## ASSIGNED TASK
The response should be an exact copy of the records, with the pictures removed.

(Collected data entries)

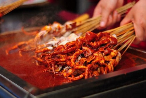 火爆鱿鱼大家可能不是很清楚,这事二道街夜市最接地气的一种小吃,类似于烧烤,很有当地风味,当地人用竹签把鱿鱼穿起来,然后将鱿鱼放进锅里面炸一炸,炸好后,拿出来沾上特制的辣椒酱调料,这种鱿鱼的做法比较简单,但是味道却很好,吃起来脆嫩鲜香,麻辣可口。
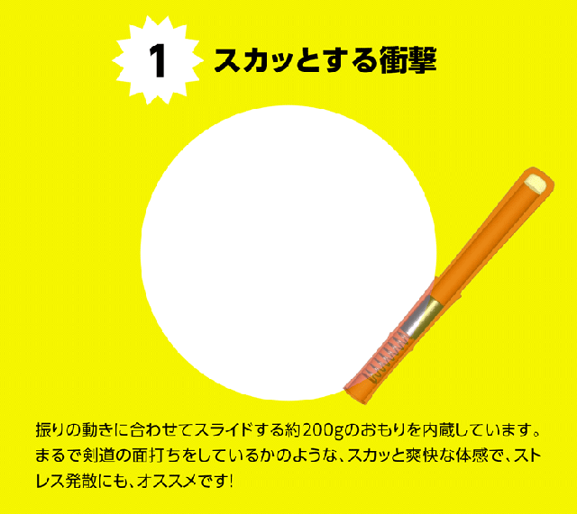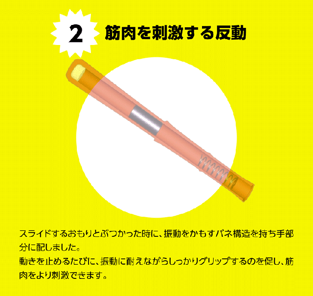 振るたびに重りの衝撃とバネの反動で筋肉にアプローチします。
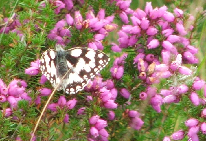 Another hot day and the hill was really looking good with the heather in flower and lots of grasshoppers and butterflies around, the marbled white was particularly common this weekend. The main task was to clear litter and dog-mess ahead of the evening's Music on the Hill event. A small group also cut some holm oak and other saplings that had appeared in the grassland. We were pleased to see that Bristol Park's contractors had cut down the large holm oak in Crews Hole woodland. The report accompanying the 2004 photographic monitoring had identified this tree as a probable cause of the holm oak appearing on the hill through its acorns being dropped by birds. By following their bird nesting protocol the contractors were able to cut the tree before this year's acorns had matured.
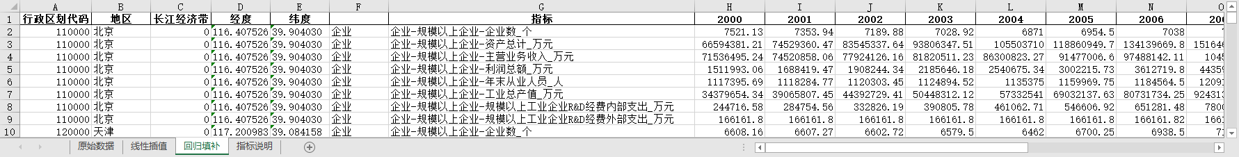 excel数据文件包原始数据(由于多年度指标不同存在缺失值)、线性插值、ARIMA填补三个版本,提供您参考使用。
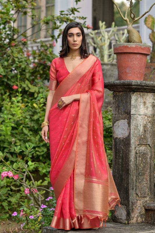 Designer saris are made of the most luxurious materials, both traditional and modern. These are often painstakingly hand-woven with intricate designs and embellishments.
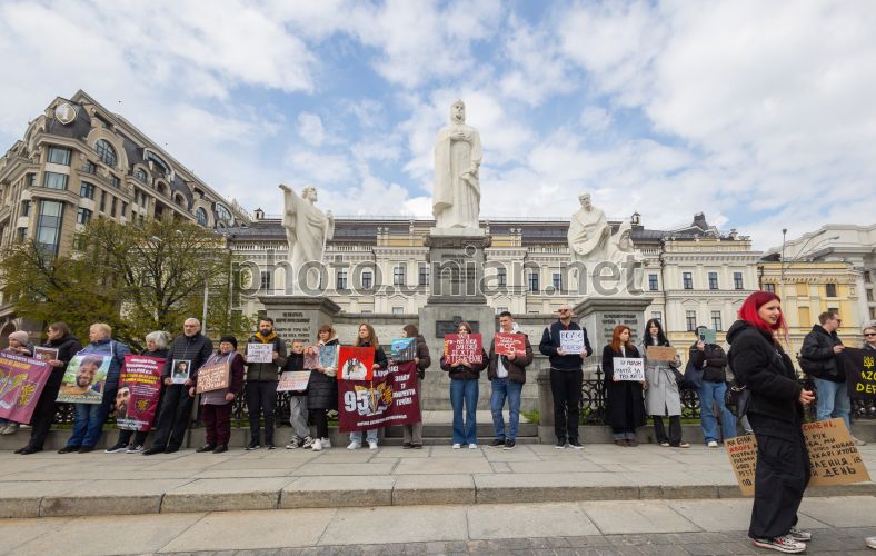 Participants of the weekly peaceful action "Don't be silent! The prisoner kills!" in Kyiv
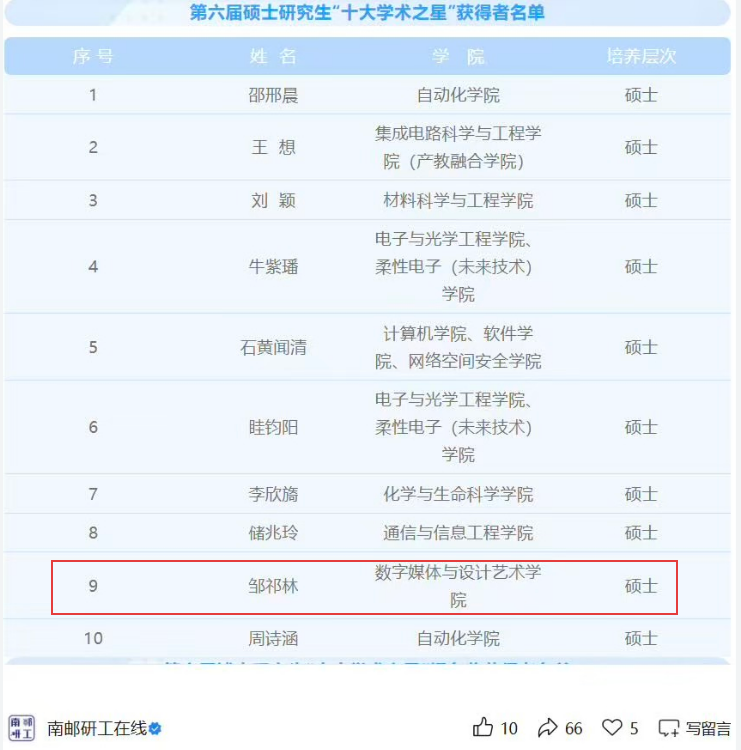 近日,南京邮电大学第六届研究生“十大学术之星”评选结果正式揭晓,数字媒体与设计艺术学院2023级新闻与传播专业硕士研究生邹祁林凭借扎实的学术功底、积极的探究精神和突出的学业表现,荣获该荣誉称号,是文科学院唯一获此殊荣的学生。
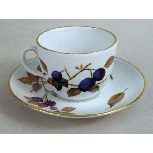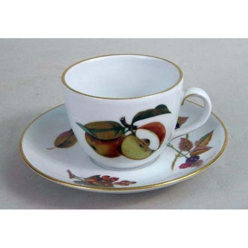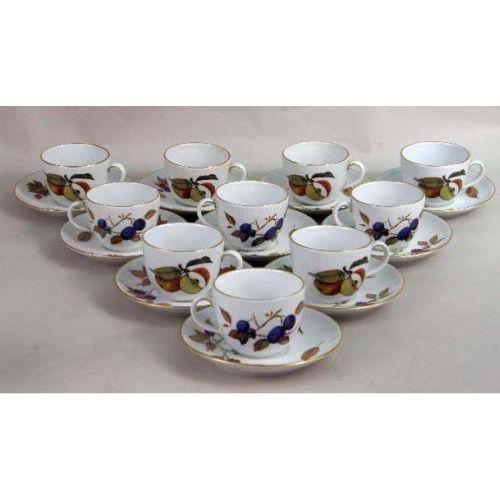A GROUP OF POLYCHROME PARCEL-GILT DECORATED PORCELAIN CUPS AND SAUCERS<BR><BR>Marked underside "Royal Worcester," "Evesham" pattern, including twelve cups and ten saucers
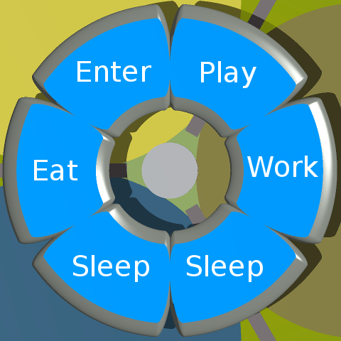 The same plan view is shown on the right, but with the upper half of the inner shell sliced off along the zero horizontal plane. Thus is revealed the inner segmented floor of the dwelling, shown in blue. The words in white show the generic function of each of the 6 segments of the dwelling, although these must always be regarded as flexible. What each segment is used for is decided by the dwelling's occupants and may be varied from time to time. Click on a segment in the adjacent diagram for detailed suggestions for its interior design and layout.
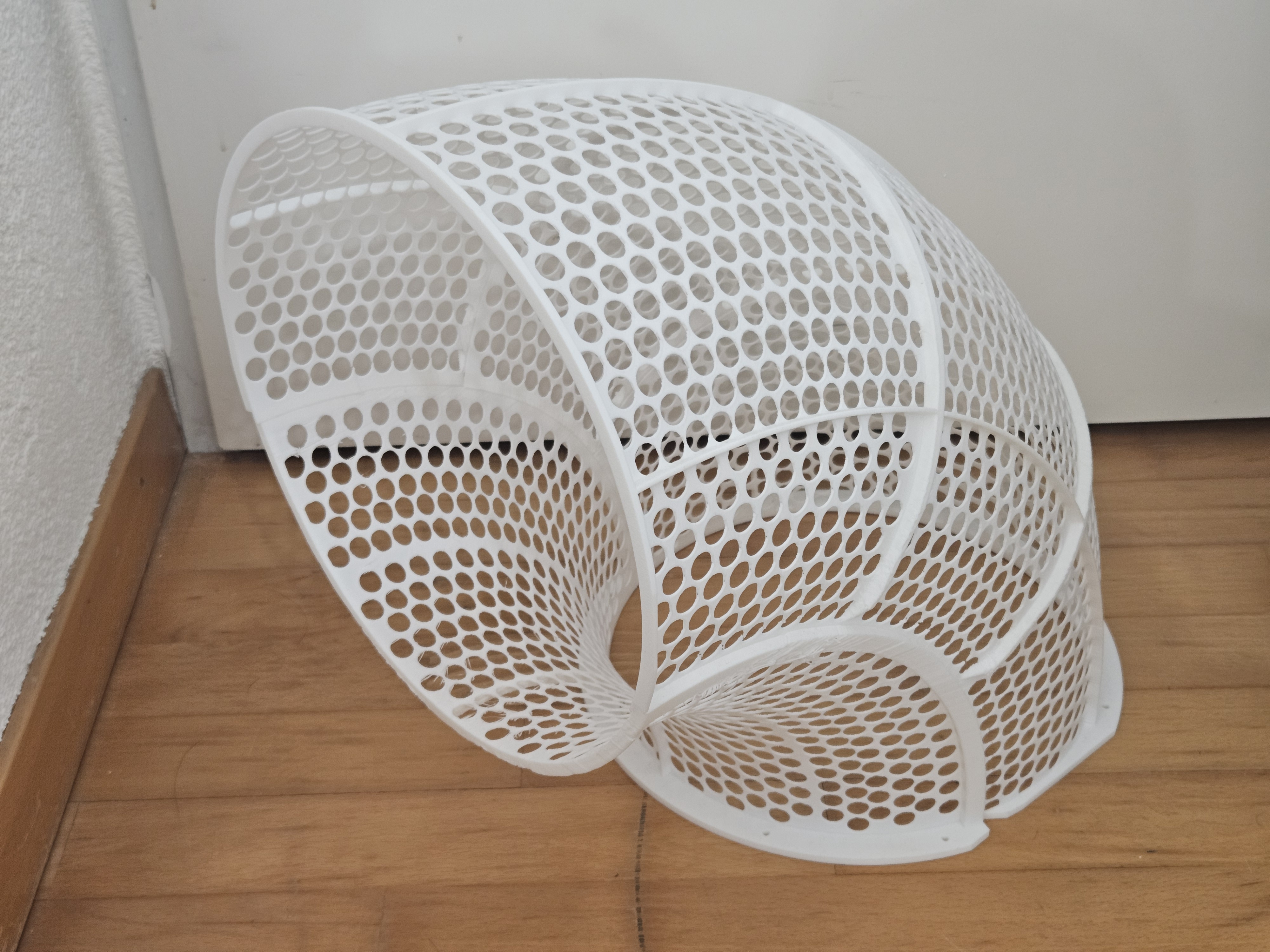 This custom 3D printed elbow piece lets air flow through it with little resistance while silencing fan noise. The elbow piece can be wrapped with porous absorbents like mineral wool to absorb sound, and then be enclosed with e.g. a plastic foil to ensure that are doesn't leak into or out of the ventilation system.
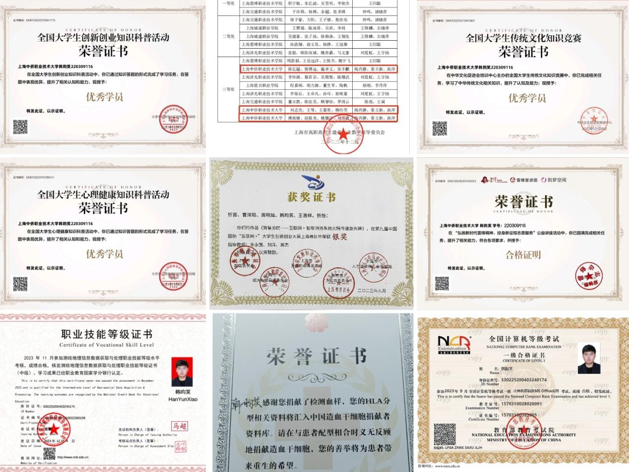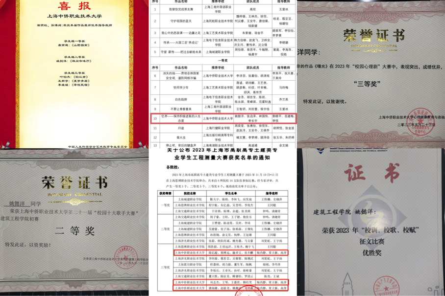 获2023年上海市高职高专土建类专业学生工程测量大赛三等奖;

## OUTPUT FOR THIS EXERCISE
 火爆鱿鱼大家可能不是很清楚,这事二道街夜市最接地气的一种小吃,类似于烧烤,很有当地风味,当地人用竹签把鱿鱼穿起来,然后将鱿鱼放进锅里面炸一炸,炸好后,拿出来沾上特制的辣椒酱调料,这种鱿鱼的做法比较简单,但是味道却很好,吃起来脆嫩鲜香,麻辣可口。
 振るたびに重りの衝撃とバネの反動で筋肉にアプローチします。
 Another hot day and the hill was really looking good with the heather in flower and lots of grasshoppers and butterflies around, the marbled white was particularly common this weekend. The main task was to clear litter and dog-mess ahead of the evening's Music on the Hill event. A small group also cut some holm oak and other saplings that had appeared in the grassland. We were pleased to see that Bristol Park's contractors had cut down the large holm oak in Crews Hole woodland. The report accompanying the 2004 photographic monitoring had identified this tree as a probable cause of the holm oak appearing on the hill through its acorns being dropped by birds. By following their bird nesting protocol the contractors were able to cut the tree before this year's acorns had matured.
 excel数据文件包原始数据(由于多年度指标不同存在缺失值)、线性插值、ARIMA填补三个版本,提供您参考使用。
 Designer saris are made of the most luxurious materials, both traditional and modern. These are often painstakingly hand-woven with intricate designs and embellishments.
 Participants of the weekly peaceful action "Don't be silent! The prisoner kills!" in Kyiv
 近日,南京邮电大学第六届研究生“十大学术之星”评选结果正式揭晓,数字媒体与设计艺术学院2023级新闻与传播专业硕士研究生邹祁林凭借扎实的学术功底、积极的探究精神和突出的学业表现,荣获该荣誉称号,是文科学院唯一获此殊荣的学生。
A GROUP OF POLYCHROME PARCEL-GILT DECORATED PORCELAIN CUPS AND SAUCERS<BR><BR>Marked underside "Royal Worcester," "Evesham" pattern, including twelve cups and ten saucers
 The same plan view is shown on the right, but with the upper half of the inner shell sliced off along the zero horizontal plane. Thus is revealed the inner segmented floor of the dwelling, shown in blue. The words in white show the generic function of each of the 6 segments of the dwelling, although these must always be regarded as flexible. What each segment is used for is decided by the dwelling's occupants and may be varied from time to time. Click on a segment in the adjacent diagram for detailed suggestions for its interior design and layout.
 This custom 3D printed elbow piece lets air flow through it with little resistance while silencing fan noise. The elbow piece can be wrapped with porous absorbents like mineral wool to absorb sound, and then be enclosed with e.g. a plastic foil to ensure that are doesn't leak into or out of the ventilation system.
 获2023年上海市高职高专土建类专业学生工程测量大赛三等奖;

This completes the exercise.